The sale of the 6 per cent bonds at 80 will make the annual cost of the money to the applicant 8 per cent. In this connection the applicant states that so far as it was able to obtain advice from reliable bankers it is believed that the bonds can not be sold at a better figure. The sale of the bonds at 80 has received the approval of the Public Service Commission of Maryland.

The applicant has submitted an estimate of revenues and expenses in connection with the operation of its line. The estimate shows annual revenues of $131,756.63 and expenses (including interest on bonds and amortization of discount on funded debt) of $117,585, leaving net income of $14,171.63. Based on this estimate, it would appear that the applicant should be able to care for the interest upon the $300,000 of bonds and to make the required payments into the sinking fund.

It is stated that the applicant will operate from Hillsboro, a point about 8 miles west of West Denton, to the last-named point, and from Lewes to Rehoboth, under trackage agreements.

In view of the importance of the continued operation of the applicant's line, we find that the issue of 17,500 shares of capital stock without nominal or par value and not exceeding $300,000 of first-mortgage bonds by the applicant as aforesaid (a) is for lawful objects within its corporate purposes, and compatible with the public interest, which are necessary and appropriate for and consistent with the proper performance by it of service to the public as a common carrier, and which will not impair its ability. to perform that service, and (b) is reasonably necessary and appropriate for such purposes.

An appropriate order will be entered.

COMMISSIONER MEYER did not participate in the disposition of this

case.

ORDER

Entered August 22, 1924

Investigation of the matters and things involved in this proceeding having been had, and said division having, on the date hereof, made and filed a report containing its findings of fact and conclusions thereon, which report is hereby referred to and made a part hereof:

It is ordered, That the Maryland & Delaware Coast Railway Company be, and it is hereby, authorized to issue not exceeding 17,500

shares of capital stock without nominal or par value; said stock to be delivered to Jesse Rosenfeld, of Baltimore, Md., in part payment for approximately 40 miles of railroad and other property formerly owned by the Maryland, Delaware & Virginia Railway Company, as set forth in the application and aforesaid report.

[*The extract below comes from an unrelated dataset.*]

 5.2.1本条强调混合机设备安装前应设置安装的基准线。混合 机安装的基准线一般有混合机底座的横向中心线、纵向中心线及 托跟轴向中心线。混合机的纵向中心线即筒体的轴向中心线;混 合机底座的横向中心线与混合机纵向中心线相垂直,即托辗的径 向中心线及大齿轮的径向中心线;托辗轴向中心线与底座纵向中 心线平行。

It is further ordered, That the Maryland & Delaware Coast Railway Company be, and it is hereby, authorized to issue not exceeding $300,000, principal amount, of first-mortgage 20-year sinking-fund 6 per cent gold bonds under and pursuant to, and to be secured by, a first mortgage to be made by the applicant under date of May 1, 1924, to the Atlantic Exchange Bank & Trust Company, Baltimore, Md., as trustee; said bonds to be dated May 1, 1924, to mature May 1, 1944, and to bear interest at the rate of 6 per cent per annum, payable semiannually, and to be in the form and denominations, redeemable, and entitled to the benefit of a sinking fund, as set forth in the application and the aforesaid report; said bonds to be sold at not less than 80 per cent of par and accrued interest, and the proceeds used to complete payment for the said railroad and other property, for rehabilitation of road, for acquisition of equipment, for working capital, etc., as set forth in said application and report. It is further ordered, That the applicant shall file, within 10 days after the execution thereof, a copy of the proposed mortgage in the form in which executed.

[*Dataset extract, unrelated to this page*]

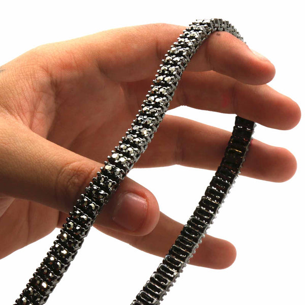This 2 Row Tennis Chain is made meticulously with 14k Hematite Plating then each CZ Diamond is hand placed with precision.  There's no doubt tennis chains are at the forefront...

It is further ordered, That, except as herein authorized, said stock and bonds shall not be sold, pledged, repledged, or otherwise disposed of by the applicant, unless and until so ordered by this commission.

It is further ordered, That the applicant shall report concerning the matters herein involved in conformity with the commission's order dated May 25, 1922, respecting applications filed under section 20a of the interstate commerce act.

And it is further ordered, That nothing herein shall be construed to imply any guaranty or obligation as to said stock and bonds, or dividends or interest thereon, on the part of the United States.

90 I. C. C.

FINANCE DOCKET NO. 573

GUARANTY STATUS OF LAKE PROVIDENCE, TEXARKANA & WESTERN R. R.

Submitted June 28, 1924. Decided July 12, 1924

No amount found to be due to or from the Lake Providence, Texarkana & Western Railroad Company under section 209 of the transportation act, 1920. Proceeding dismissed.

Max Sondheimer for the carrier.

REPORT OF THE COMMISSION

DIVISION 4, COMMISSIONERS MEYER, EASTMAN, AND POTTER BY DIVISION 4:

The Lake Providence, Texarkana & Western Railroad Company, hereinafter termed the carrier, is a carrier by steam railroad, which during the guaranty period engaged as a common carrier in general transportation in the State of Louisiana. Its line of railroad connected at Floyd, La., with the Illinois Central Railroad, which was under Federal control at the termination thereof, and it is therefore a carrier within the meaning of paragraph (a) of section 209 of the transportation act, 1920. The carrier filed with us a written statement accepting the provisions of section 209 on March 15, 1920.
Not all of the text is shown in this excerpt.